Wednesday, April 13, 2005

Creative Loafing

With my ears to the ground of college rumblings, this in from my friend that goes to Washington University in St. Louis (quote from Associated Press):

Washington University students taking part
in the ninth day of a sit-in seeking higher
pay for the university's contract workers
were notified Tuesday by the school that they
were violating the school's judicial code.

In reaction to their apparent violation 15 students unplugged the vending machines and began a hunger strike. The school has conceded $500,000 to help raise wages, but the students' research suggests they would need to commit something like $2.4 million.

Breaking generational stereotypes, youngsters across the nation have combined sympathy with activism to increase wages for university employees. Just last week, Georgetown students thanked the janitors for cleaning the puke out of the water fountains by staging their own sit-in/hunger strike. In 2001, Harvard students vowed to skip classes for a few days (but still get A's) to raise hourly wages. Both campaigns were successful in getting better pay for employees.

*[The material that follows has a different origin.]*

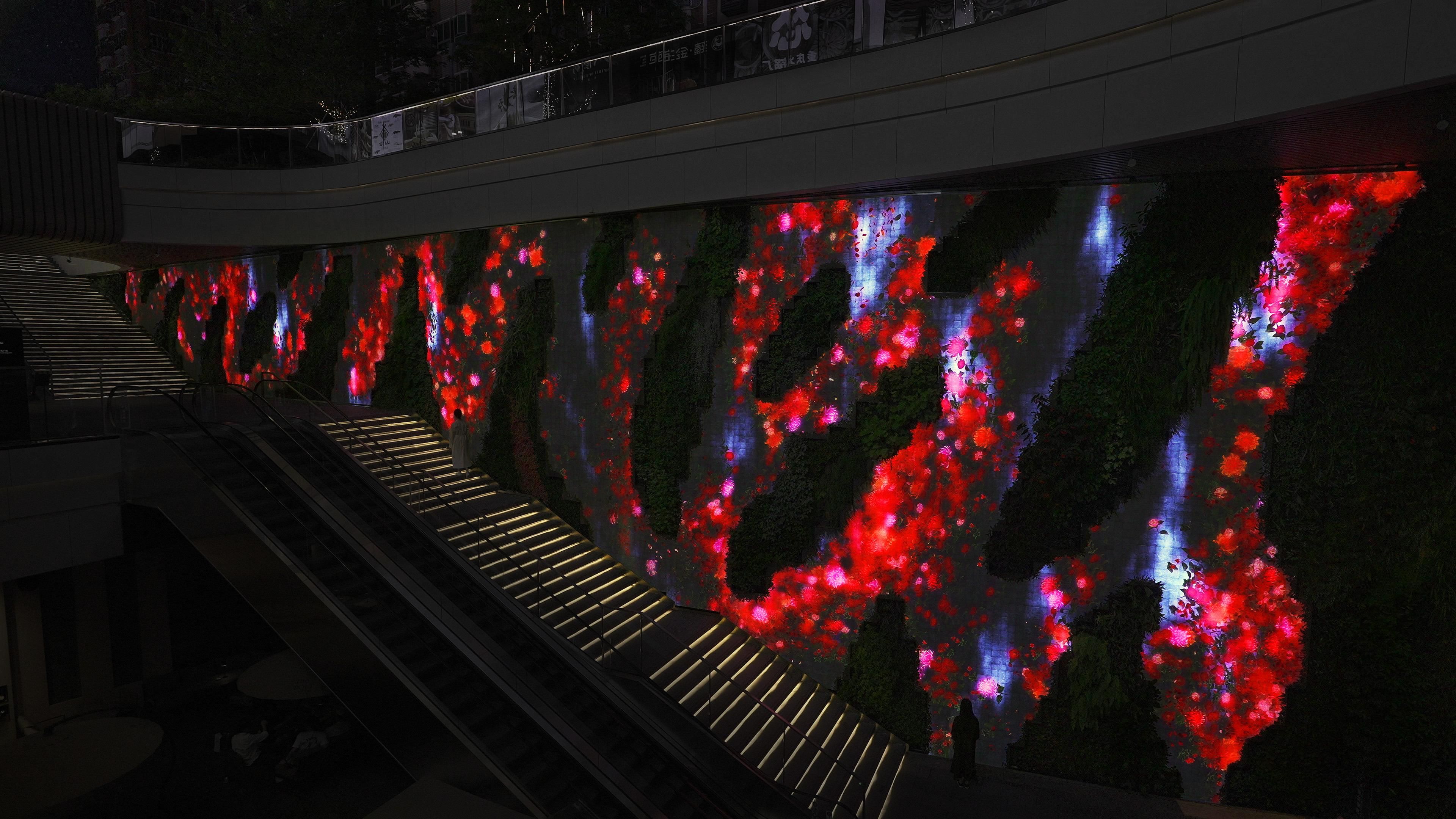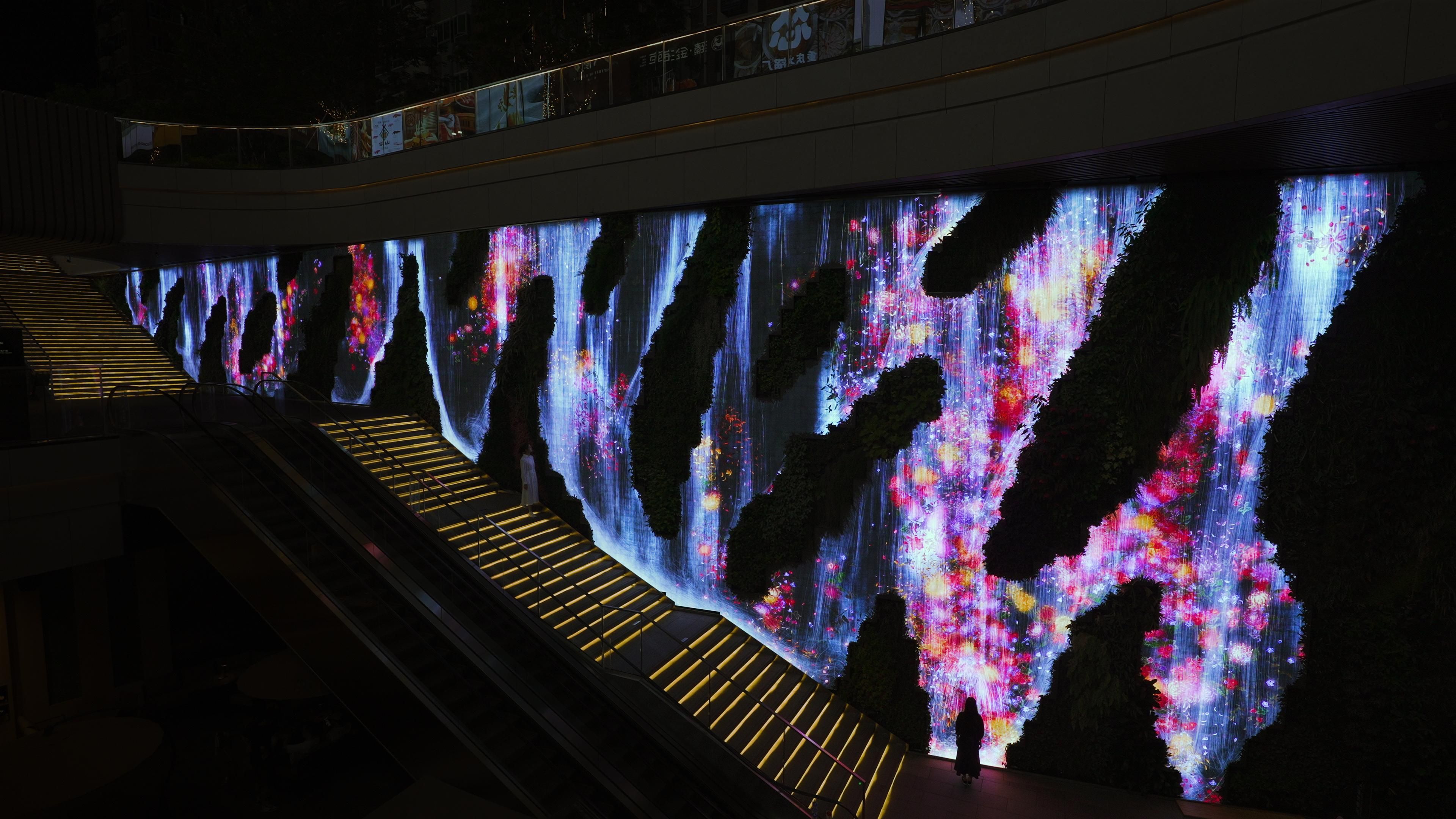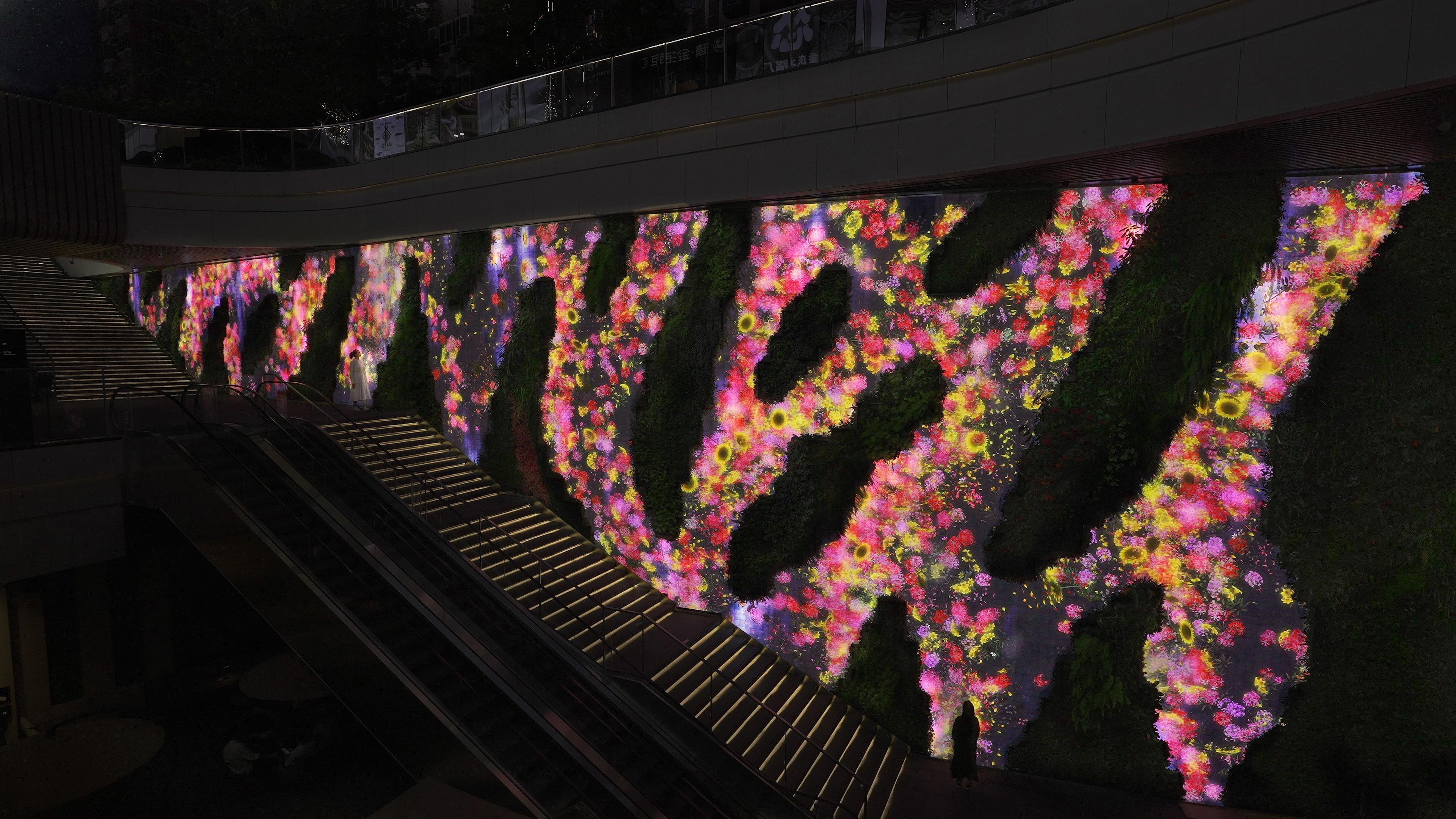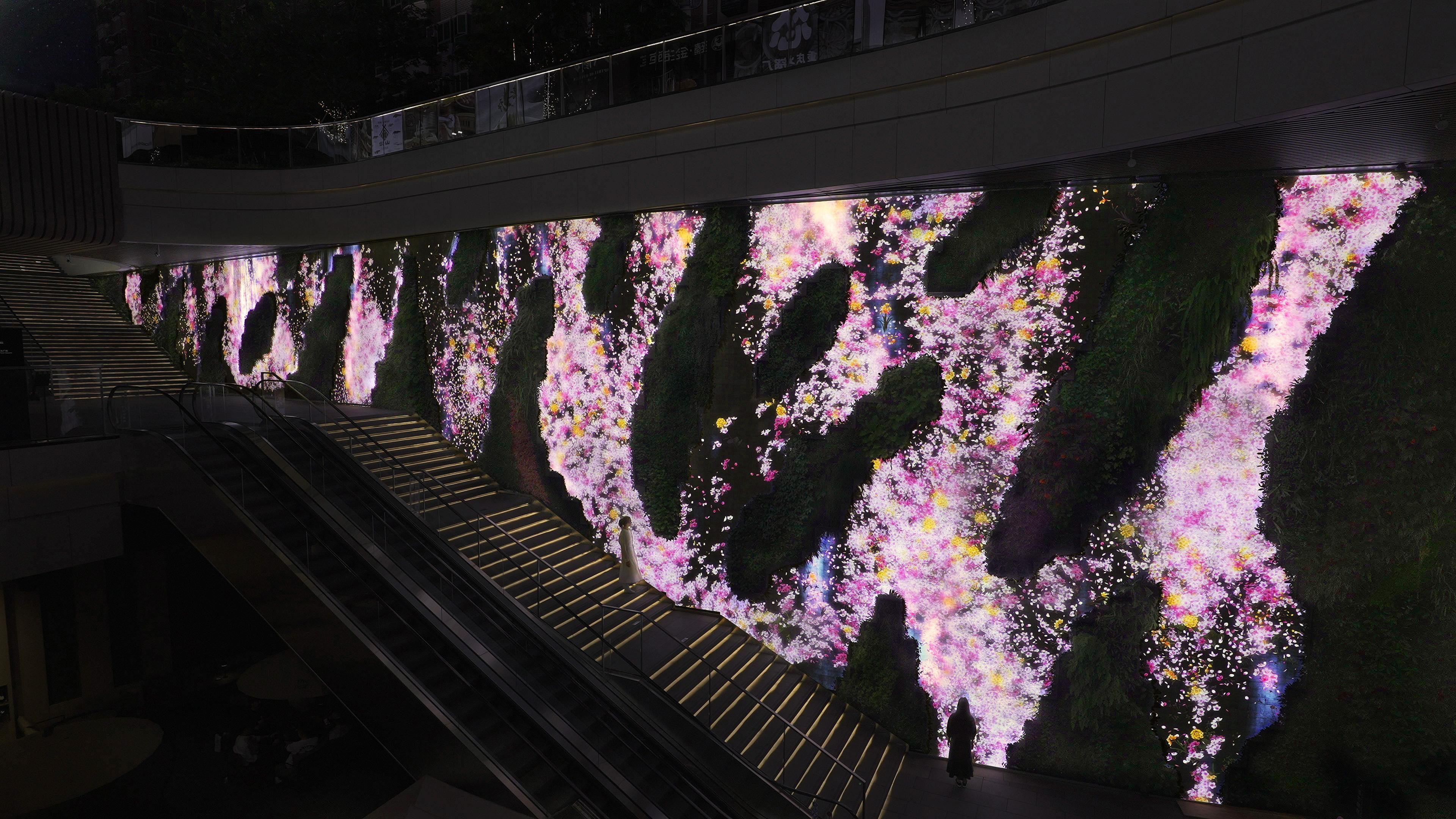 teamLab's waterfall flows and flowers bloom in Patrick Blanc's vertical garden.

Its funny that these types of movements are occurring at schools with the highest tuitions in the country (all around $30,000). How are these funds being managed you wonder, or are employees at schools with smaller budgets fairing even worse?

Minimum wage has been an issue in Congress this month, and although these wide-eyed sprites did give up Easy-Mac for like a week, this remains a federal issue. Check this study out:

In only four of the nation's 3,066 counties can someone working full-time for the federal minimum wage afford to pay rent and utilities on a one-bedroom apartment

That's fucked up. Anyway, I have an outstanding water bill that is through the roof, couple that with an empty fridge and I am about to have my own hunger strike. E-mail me any canned goods you have please, or just put a slice of pizza in my mailbox.


Anonymous Anonymous said...

A read about this and a lot of the kids won't participate in something like this because they are worried their grades will get hurt. I think this is the perfect way to get better grades. Teachers love activism, they are nostalgic for it. They grew up in a time when campuses where the epicenters of action. Remember.